Table 3 presents data for use of an ELISA assay commercially performed by a leading, perhaps the current market leader, in the field of commercial in vitro testing for canine allergy. In Table 3, the column labeled "Neat" relates to results of the commercial ELISA where the numerical values correspond to a percentage of reactivity relative to the samples of a pooled positive control (i.e., allergic) population. In the ELISA the results were obtained by use of the polyclonal serum understood to be reactive to canine IgE. The column labeled "PrG Absorbed" indicates the value from the ELISA following absorption of the serum from each of patients 1, 2 and 3 prior to performing the ELISA. The results for each of patients 1, 2 and 3 indicate substantial decreases in results from the ELISA. The basis for this finding was as follows: Protein G binds and removed IgG, the substantial decrease in assay results showed that the polyclonal serum which had been understood to be reacting to IgE had actually been reacting with IgG present in canine serum.
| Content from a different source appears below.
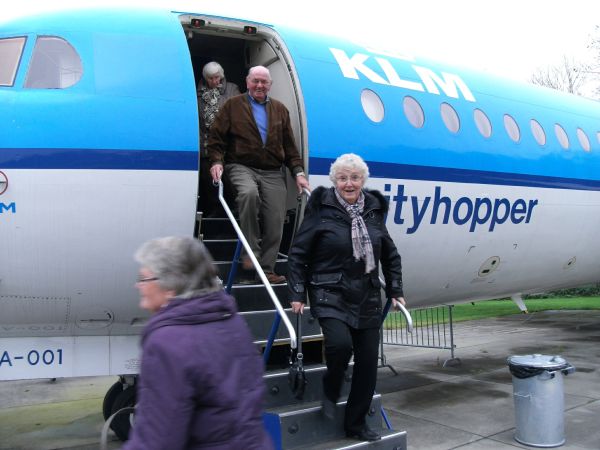 Na een bezoek aan de winkel en een heerlijke lunch reisde het gezelschap door naar het Aviodrome in Lelystad. Ook hier stonden goed bespraakte gidsen gereed om de senioren langs de pronkstukken van het museum te leiden. Al was het hier een stuk kouder dan in de warme orchidee kassen..

This result was verified by eluting the material bound to the Protein G column, then reacting the eluate with the commercial polyclonal serum, whereupon it was found that there was much reactivity. When an analogous method of contacting with Protein G was performed with the specific binding proteins in accordance with the present invention, the results established that canine IgE were being bound by

the specific binding proteins of the invention (Figure 1) ; Fig. 1 exemplifies the results of a subject assay on the serum of patient 1, where the serum was put into contact with American Elm allergen, in accordance with the invention. Contrary to the results with the polyclonal serum it was found that contact with protein G increased the reactivity of the present assay with either D9 or 14K2 antibodies; this result is believed to be due to removal of contaminants in the serum. All publications mentioned herein are incorporated herein by reference to describe and disclose specific information for which the reference was thus discussed. It is to be noted that as used herein and in the appended claims, the singular forms "a" and "the" include plural referents unless the context clearly indicates otherwise. Thus, for example, reference to "a formulation" includes mixtures of different formulations and reference to "the method of treatment" includes reference to equivalent steps and methods known to those skilled in the art, and so forth. Unless defined otherwise, all technical and scientific terms used herein have the same meaning as commonly understood by one of ordinary skilled in the art. Although methods and materials or equivalent to those described herein can be used in the practice for testing of the invention, the preferred methods and materials are described herein. It is understood that the invention is limited solely be the appended claims.